In the morning before I go to work or in the evening when I am relaxing, there is very few times where I do a lot of typing. During these times, my predominate use of my Macbook is for browsing the web, reading Google Reader, checking Facebook & Twitter, and checking my e-mail. Most of my e-mail replies are a couple sentences long at most.

Some times I do this on my iPhone, which works well at these tasks. For me, the iPhone is great for a quick run through of that list above, but not good if I spend more than 10-15 minutes doing this. The iPhone’s battery drains fast, the screen is too small to do a ton of reading, there is a loss of flexibility many of the dedicated apps for these purposes not having all the functionality I may need.
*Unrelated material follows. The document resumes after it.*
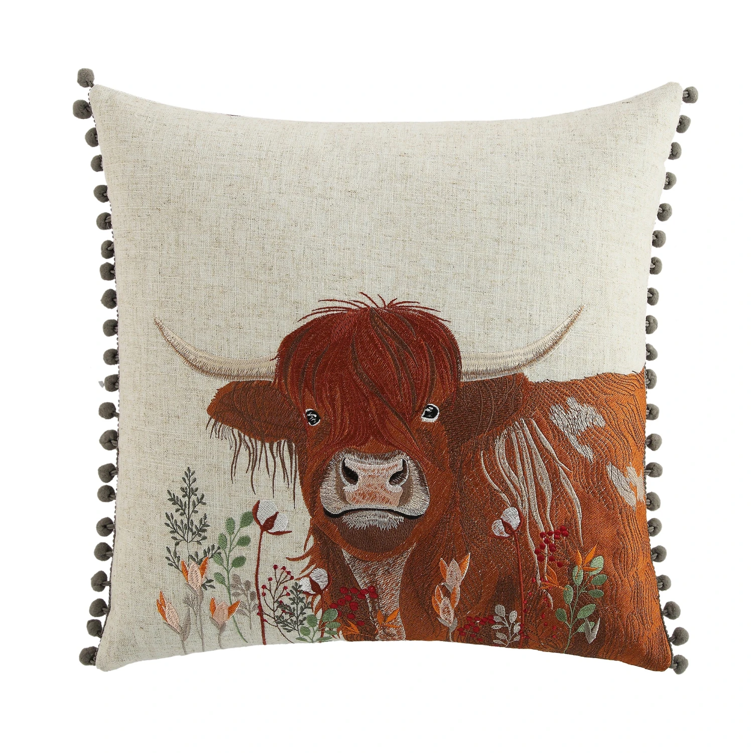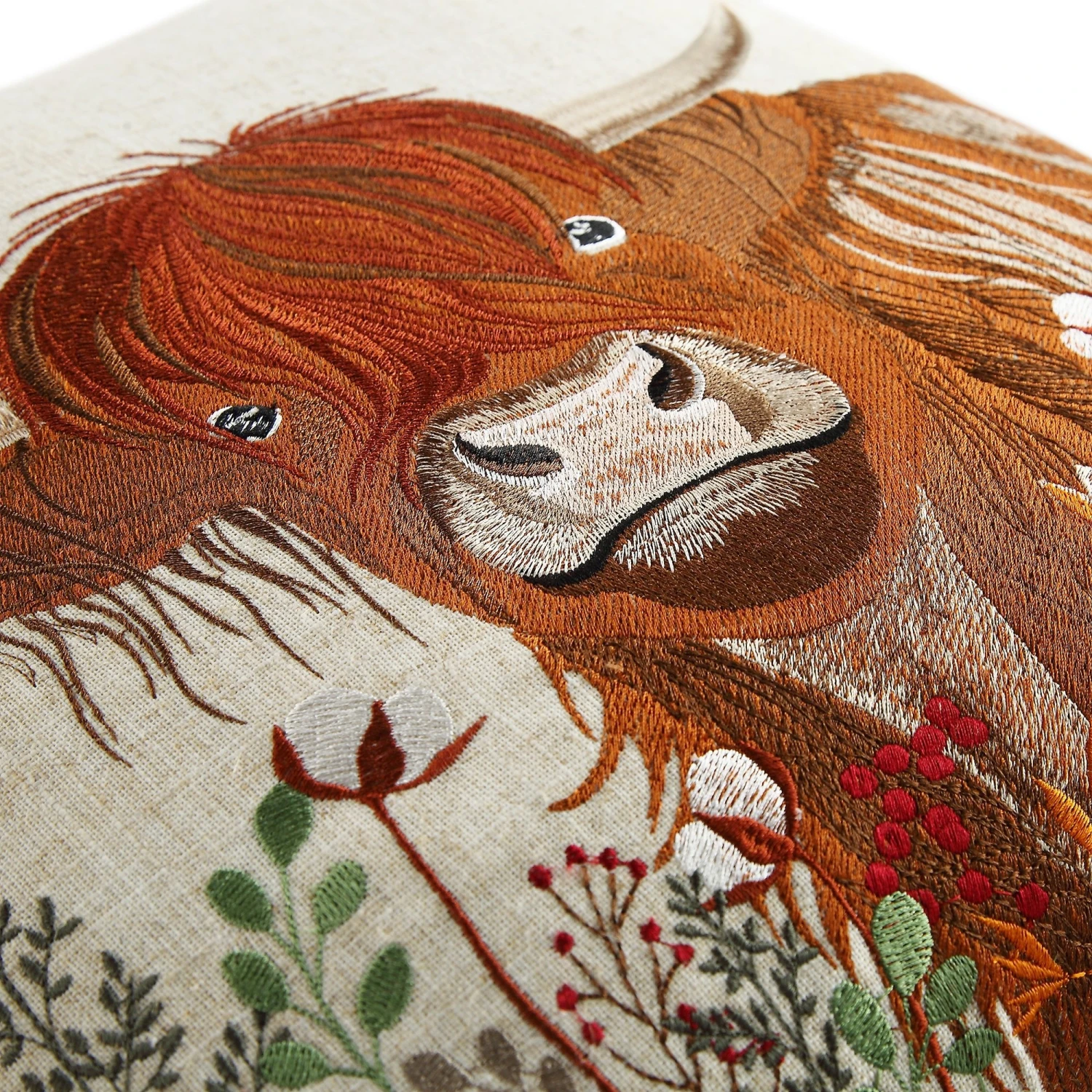 - Intricate Embroidery: High-quality stitching brings the majestic Highland Cow and foliage to life.

When I do it on my Macbook, I gain the most functionality, but I lose the simplicity and efficiency of the iPhone approach. I get a bigger screen, the ability to type incredibly fast with keyboard shortcuts, better battery life, the ability to run many applications at the same time. There is a price for this though. I easily get distracted with many applications running at the same time. The applications can be incredibly complex, buggy, and unwieldy at times, some with code bases that date back 20 years or more. I would argue that laptops themselves are bulky (even the traditionally very thin Apple laptops) and can have heat issues that can make using one uncomfortable.

How do I see the iPad solving these issues? By taking the best of both approaches.
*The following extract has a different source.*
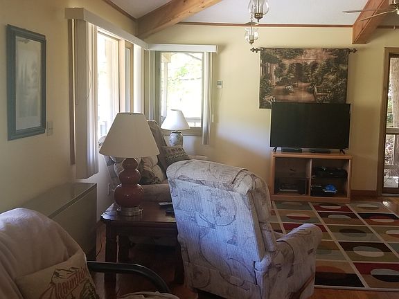MOTIVATED SELLER!! Property Overview - RIVERFRONT RETREAT... 227 feet of New River frontage, with new paint and new timber-framed decks make this the perfect New River retreat. Wonderful open home with all new appliances in kitchen and a beautiful gas log fireplace for all to enjoy. Stone landscaped areas with wrap-around, covered deck that is surrounded by beautiful rock outcroppings overlooking the river. This home was built for entertaining with it's open spaces and river views. Nice bedrooms all with big views of the river and cedar closets. Outbuilding for river toy storage. Plenty of parking with a large flat yard. Beautiful rock walls and rock outcroppings frame this one-of-a kind river retreat. Furnished with some exceptions. ETS Heat system/ mini split systems up stairs and down stairs. Move in ready. Please call, text or email to schedule an appointment.

The iPad gets the bigger screen but still extremely portable, as thin as many books or a new notepad. I can just hold it with my hands, not resting it on my lap. I gain the huge speed and simplicity benefits of an iPhone like touchscreen interface, yet with the bigger screen the applications can be more complex if needed like their laptop cousins. There isn’t the heat issues, the battery is far better than any laptop (10 hours),  a faster processor than phones that doesn’t have to worry about handling the complex desktop Operating Systems like laptops. There is even accessories so I can do camera imports and manage them on the device.

For those morning and evening browsing sessions that I do nearly every day, the iPad would be perfectly suited for them. Of course there will be tasks that my laptop with a full desktop OS would be better suited for. As beautiful as the new iWork apps are for the iPad, I wouldn’t want to work on a complex spreadsheet on it from scratch. I wouldn’t write this long blog post on an iPad (unless I used the keyboard accessory…hmm). Managing my music and video collections will still need that computer, as they would have a tough time fitting on even a 64GB iPad. Plus I don’t even know if an iPad can sync its library with an iPhone yet.
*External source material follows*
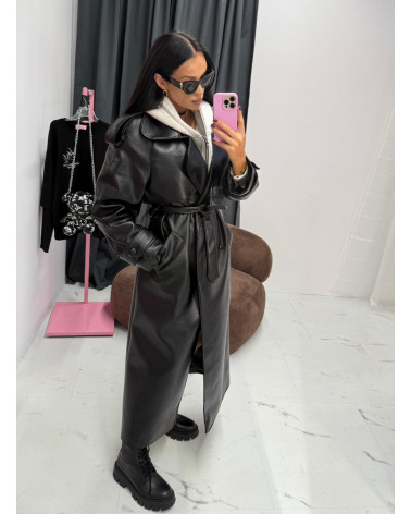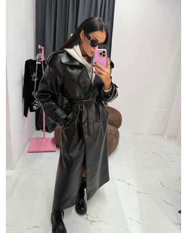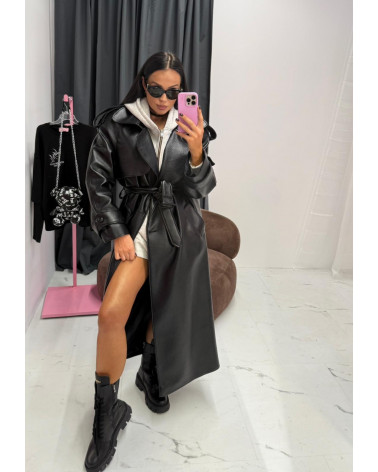 CZARNY TRENCZ MAXI Z EKOSKÓRY LA MILLA PREMIUM

That is not even getting into the added benefits the iPad gives to common people, like:

  • Security: there hasn’t been one virus or high-profile security breach for iPhones (excluding jailbroken ones). This is despite the iPhone being an obvious target for hackers given its dominance.
  • App Store: one stop shop to finding applications, applications get updates easily, and reviews to know the apps are good or not.
  • No multitasking: What? A feature? For those who get easily confused about multiple apps running, sucking CPU and battery life, this is a feature. It took months for one family member of mine to realize that they should quit applications instead of just closing their windows and leaving them running. My grandparents have a hard time keeping track of one application, never mind 5. Keep it simple. In the end, I bet limited multitasking will be introduced, but not until Apple gets it right.
  • Flexibility: Apps make this device work far longer than any computer would normally last. Those special digital photo frames you can buy? Get an iPad, dock, and it doubles as one when you aren’t using it. Plus higher quality display and more storage.

I predict that the iPad will become the computer of the future for the common people, while being a valuable companion for geeks who really do not need to use a full desktop computer every time they need their Internet fix. I know I will be in line for one, my mother is also wanting one too.